┌────────
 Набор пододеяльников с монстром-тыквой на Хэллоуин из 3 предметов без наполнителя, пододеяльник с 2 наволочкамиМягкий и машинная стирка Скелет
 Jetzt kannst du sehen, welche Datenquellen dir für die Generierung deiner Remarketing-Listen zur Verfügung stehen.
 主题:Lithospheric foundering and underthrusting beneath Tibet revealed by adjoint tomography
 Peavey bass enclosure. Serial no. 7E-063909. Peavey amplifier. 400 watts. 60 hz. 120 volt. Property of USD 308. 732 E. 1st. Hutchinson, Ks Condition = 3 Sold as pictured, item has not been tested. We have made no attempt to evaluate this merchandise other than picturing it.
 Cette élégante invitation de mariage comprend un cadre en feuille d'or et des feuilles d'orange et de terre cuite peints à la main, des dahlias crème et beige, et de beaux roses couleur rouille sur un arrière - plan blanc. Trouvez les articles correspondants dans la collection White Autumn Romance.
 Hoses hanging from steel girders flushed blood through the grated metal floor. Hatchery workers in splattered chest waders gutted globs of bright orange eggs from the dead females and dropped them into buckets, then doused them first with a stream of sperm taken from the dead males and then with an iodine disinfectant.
└────────
┌────────
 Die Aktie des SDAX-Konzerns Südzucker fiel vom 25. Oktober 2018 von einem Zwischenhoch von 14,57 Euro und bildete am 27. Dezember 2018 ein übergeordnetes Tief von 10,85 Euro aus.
└────────
### THE TASK
Copy each line in the entries above where "orange" turns up.

### REPLY TO THE EXERCISE
 Cette élégante invitation de mariage comprend un cadre en feuille d'or et des feuilles d'orange et de terre cuite peints à la main, des dahlias crème et beige, et de beaux roses couleur rouille sur un arrière - plan blanc. Trouvez les articles correspondants dans la collection White Autumn Romance.
 Hoses hanging from steel girders flushed blood through the grated metal floor. Hatchery workers in splattered chest waders gutted globs of bright orange eggs from the dead females and dropped them into buckets, then doused them first with a stream of sperm taken from the dead males and then with an iodine disinfectant.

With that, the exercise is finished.